What else can you say about a movie where Rip Torn is caught with his pants down and later spewed (there is no other word to describe it) with elephant semen. Or a young boy who is hurt many times and bleeds profusely. This gag doesn’t work because there is no progression to the levels of injury, so when his final boo-boo which ends the movie comes around, it’s too extreme to get a laugh. Also, it’s not set up well enough. Actually, none of the gags are set up properly. Within ten minutes of the opening, Green has randomly pulled over to the side of the road to help guarantee the procreation of a horse. Same goes with the scene where Green slits open a deer’s carcass and wears it. Once again, not funny because the set up was lame (someone tells him to "get inside the animals" to understand them more and hence draw them better), and it’s conclusion, despite what Green’s character says, is expected. I did enjoy the look an owl gives him, though.

If you still care, the plot involves Gord Brody’s (Green) quest to be himself in the face of an emotionally constipated and psychologically abusive father (Torn). He wants to become a cartoon animator, but his dad just wants him to get a job and get out of his basement. Somewhere along the line, Gord meets Betty (Marisa Coughlan, who will never find legitimate work again), whose legs are paralyzed and thoroughly enjoys a good bamboo-cane leg-whipping. Oh, she also has an oral fixation which really just makes things worse and her character as far away from being funny as she could possibly be. And when it comes to the question of whether or not Freddy got fingered, the movie manages to take a jackhammer to rock bottom to make light of child molestation.

The one thing that works is the undertone of rage that Green must feel towards his father (if you’ve seen "The Tom Green Show," you may be aware that his parents are the butt of some very risqué jokes that truly come from a painful place). It’s something true, and that’s where all great comedy comes from. Now, if he had just stayed focused on that, we may have had something.
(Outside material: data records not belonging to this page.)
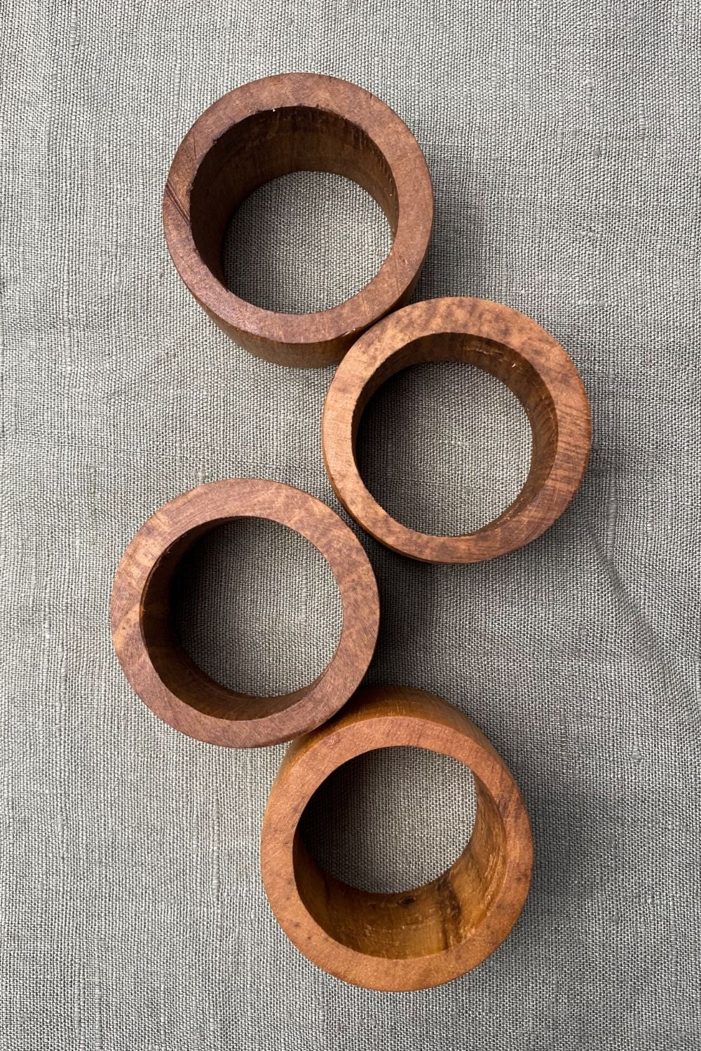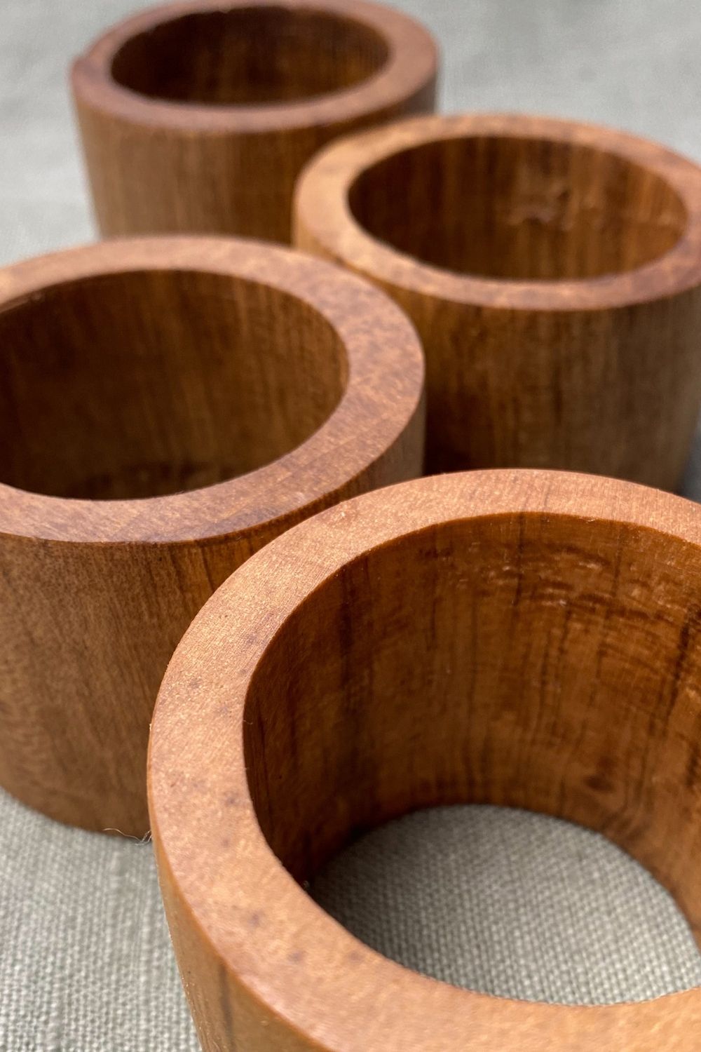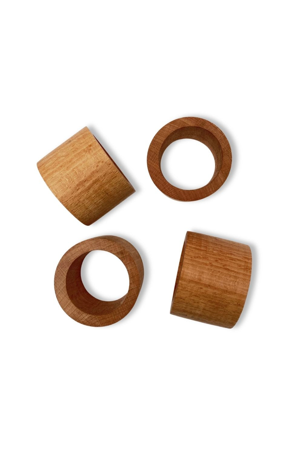 El işçiliği ile üretilmiş doğal ahşap 4'lü peçete halkası.
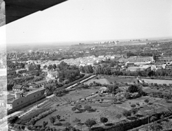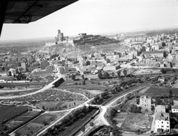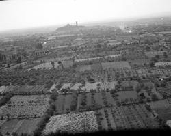 "Vista aèria de la ciutat des del nord (vertical aproximada del Secà de Sant Pere); elements destacables en primer terme: les hortes del futur barri"
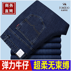 弹力超柔牛仔裤男中年秋冬厚款宽松直筒牛仔男裤商务休闲裤子
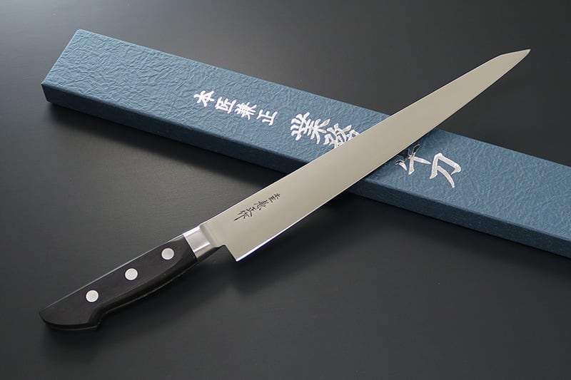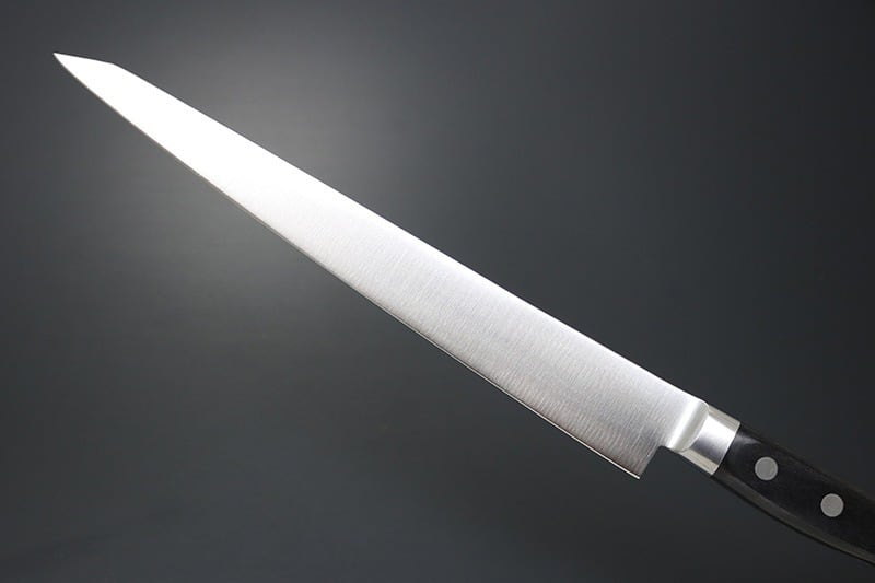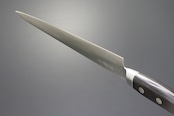 「筋引270mm」は、主に牛ヒレ肉の筋取りの際に細く長いブレードを生かして引き切りする際に適した特殊な形状のスタイルです。刺身の薄切りやカルパッチョなどの削ぎ切りにも適しています。

You either get Tom Green, or you don’t. I do, but the things that make him funny are not present here. In one of his shows, Green started rumors that he and Monica Lewinsky (remember her?) were an item. It was a pitch perfect "happening" with a clever conclusion. I have a feeling that Freddy Got Fingered is the beginning of a larger joke whose punchline will be revealed soon enough. However the movie itself is just that—a joke.

Note: I was not accurate when I said there was nothing completely absurd about this movie. The R-rating it received is insulting. I must thank Green for finally revealing the complete lack of reasoning behind the MPAA’s rating system and also for killing off the gross-out comedy genre. There is no way a movie could surpass anything seen in Freddy, and if one somehow does find a way to do this, God help us all.